Ok.. snubbed the other major problem i had with the 625 and have #2 running, and more and more i'm in-favor of the 625's bigger, bolder beam. Spotting 500' is fun once.. but lighting up everything from here to 300' away is far more useful. 

beamshot comparison: 250' to a building





Here is the 62138 running at 13.2





Here is the 64625 running at 12.8.. 

A little too hot to handle.. the bulb did not last too long, but i think that was due to another problem, so i will re-investigate running that hot once i get some more time on the lamp/host. It's very nice to have a WORKING light!

Tom, myself and many others are beginning to realize that that softer focus, flood-like beam is much more useful in most cases, and i would love to see some feedback what people think. 

Realize, that the 625 with a stippled reflector still has more LUX than a Mag85! and nearly 4x the light output to boot! So consider that with your feedback. 

-awr


----------



## LEDcandle (Mar 6, 2006)

Wow Andrew!! 

Very nice comparo information. These babies rock! Which bulb is used in the USL? 62138? Will they be changed to the 625?
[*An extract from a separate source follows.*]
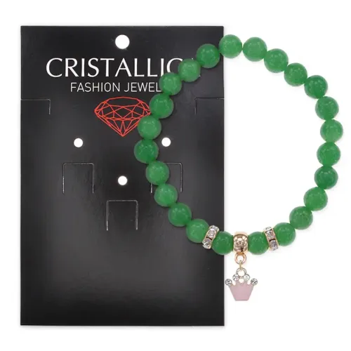 Стрейч-браслет из натурального нефрита с фурнитурой в виде короны.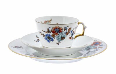 Великолепный дизайн фарфоровых чашек “Thomas Bavaria” вызывает восхищение оригинальностью решений. Чашка поставлена на три ножки-лапки, а форма ручки сделана в форме спирали. Утонченный цветочный орнаментальный декор, позолоченные детали завершают оформление. Такая посуда является настоящим произведением искусства, прекрасным украшением стола.

Any Singaporean buying a USL? I think KevinL?
I would like to shine one of these into my litebox to see what kinda figures it's giving out 

As for flooder vs thrower, even though the 625 looks like it collimates less light, I'm sure by itself it already throws like hell (as you said, 50,000 lux big hotspot!!). So I would say it might be the more useful of the two.


----------



## andrewwynn (Mar 6, 2006)

The USL has the 138.. it's a beautiful lamp.. can't run in the USL or any other light w/o regulation.. not possible at all.. they can't handle the over-voltage.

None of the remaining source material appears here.